We know well that the issues remaining to be solved are not easy ones. The controversy over a balanced-budget amendment alone has raged since 1936. Taxation and revenues need a deeper national discussion. Medicare and Medicaid spending aren't just entitlements; they are literal lifelines to health care for millions of Americans, just as Social Security is a critical supplement to American workers' retirement incomes.

That's all the more reason that finding the right spending balance on these and other national priorities ought not, indeed cannot, be done in a crisis atmosphere. They require reasoned study and exhaustive debate. If the president and congressional leaders are seriously interested in solving these problems, they will not let the study and debate end with this deal, or even at the other stages in the process it outlines, to be revisited again only when the next crisis comes around.

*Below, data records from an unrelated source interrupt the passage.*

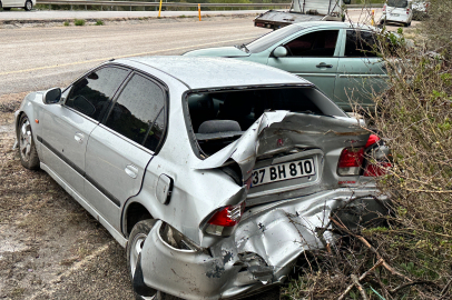 Kastamonu'da virajı alamayan otomobil, arızası sebebiyle yol kenarında park halinde olan araca çarptı. Kazada 4 kişi yaralandı.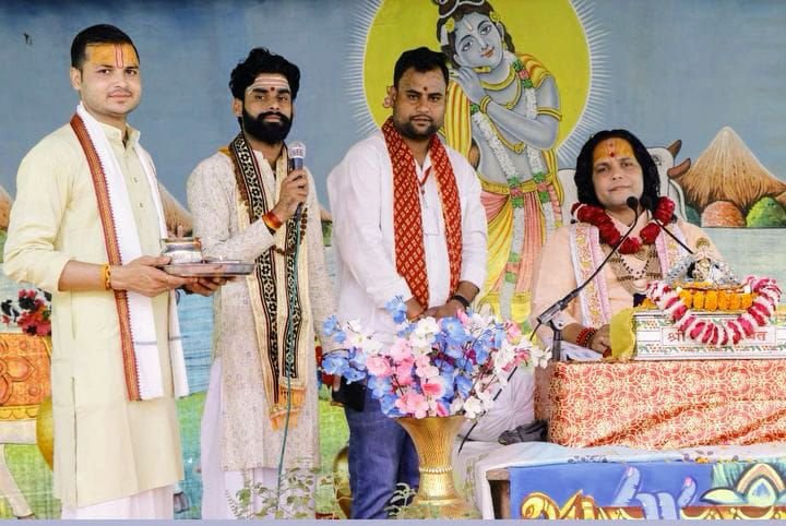 📰✍️औरंगाबाद के श्री नागेश्वर महादेव मंदिर के मैदान में हो रही साप्ताहिक श्रीमद् भागवत कथा का पांचवा दिन; कथा व्यास पंडित सोनेन्द्र कृष्ण शास्त्री ने भगवान कृष्ण के बचपन की लीलाओं की सुनाई कथा। इस मौके पर पंडित कृष्ण भारद्वाज, प्रीतम सिंह, डॉ प्रिंस शर्मा, मंदिर महन्त कुलदीप शास्त्री, आचार्य सक्षम भारद्वाज, शिवम् लाडला, दीपक यादव, शिवम् शर्मा, राहुल सैनी, व्यापारी नेता चेतन कंसल आदि श्रद्धालुओं ने व्यवस्था बनाए रखने में किया सहयोग।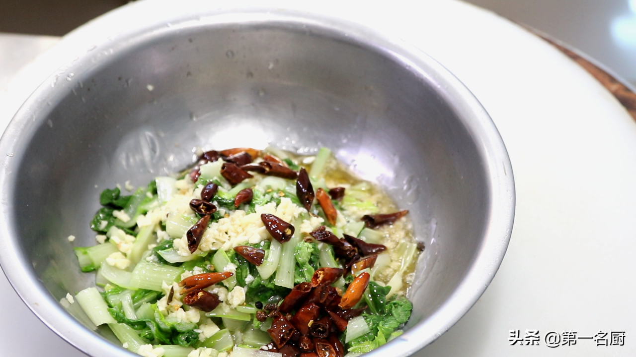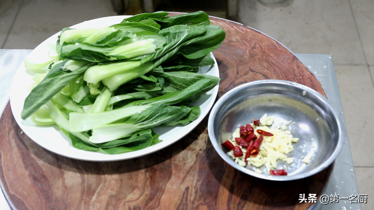 1.準備上海青300克,把葉子分開,放入盤中,蒜子幾粒拍扁切成蒜末,放入小盆裡面,再放入一把紅幹椒備用。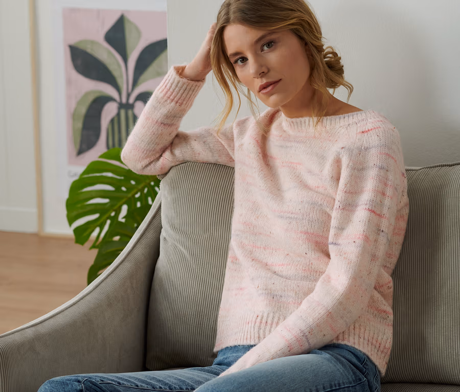 Női laza kötésű pulóver, színes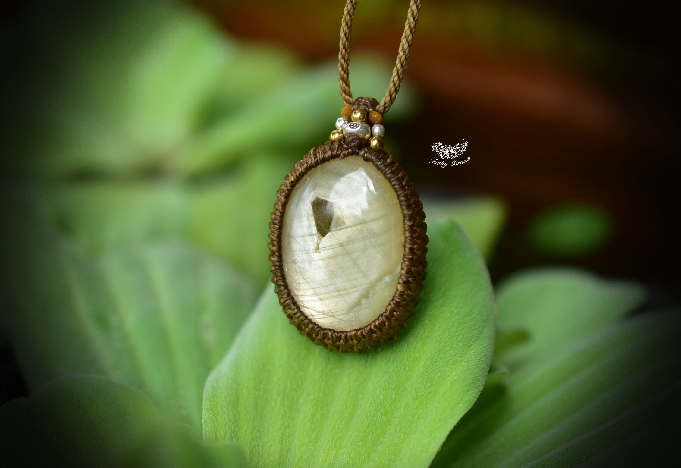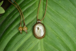 ◆このたびはゴールドブラウン色の蝋引き糸を使用しマクラメ編み装飾を施しました。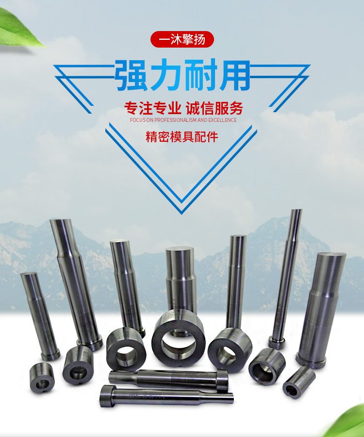 SKH51冲针、SKD11冲头、DC53冲针、三节冲头、抽芽冲头、沙拉冲头、子母冲头、子母异形冲针、引导冲针、导正销、翻孔冲针、成型冲头、椭圆冲头、四方冲头、六角冲针、异形冲针、非标冲针等精密冲压模具配件订制。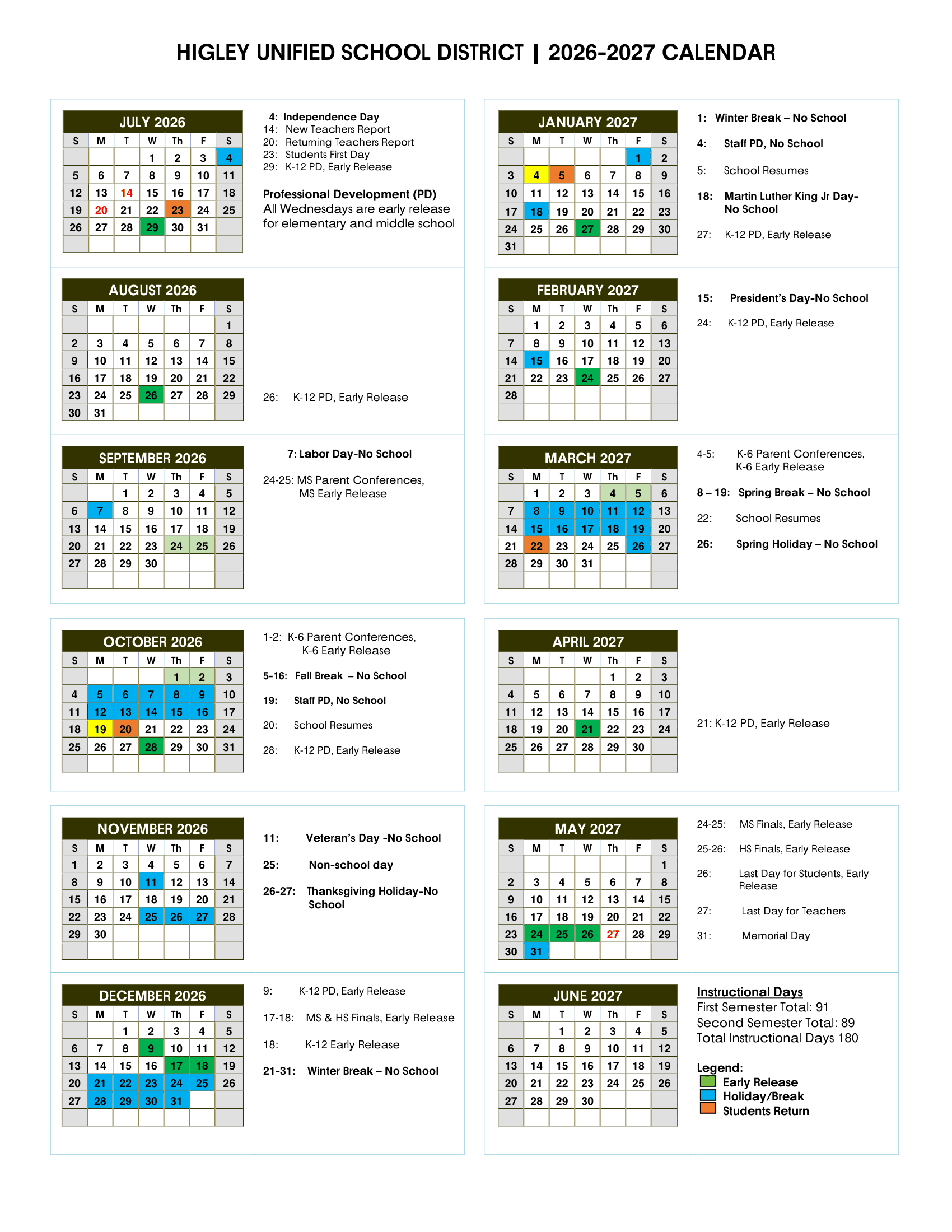 Higley Unified School District Calendar 2026-2027

And national leaders from the suburbs and Illinois are positioned to play a pivotal role in making sure the work gets done properly. Wheaton Republican U.S. Rep. Peter Roskam, chief deputy whip of the House, and Springfield Democrat U.S. Sen. Dick Durbin, the No. 2 ranking member of the Senate, figured prominently in the negotiations that resulted in a solution.

The challenge for them, like the rest of the Illinois delegation and indeed all of Congress, is to set in motion now the forces that address the one issue that all sides agree is paramount in U.S. budgetary policy — how the nation balances its spending priorities against its revenues. And it bears pointing out that, just as compromise was critical to preventing economic disaster this week, cooperation and concession will be required to produce a lasting solution.

In the true nature of compromise, everyone can find something to complain about in the debt ceiling bill, and likely no long-term solution can be crafted to please every interest. But a long-term solution must be found, and the real test of this short-term patch will be whether it is found within the next two years or within a two-week window in March of 2013.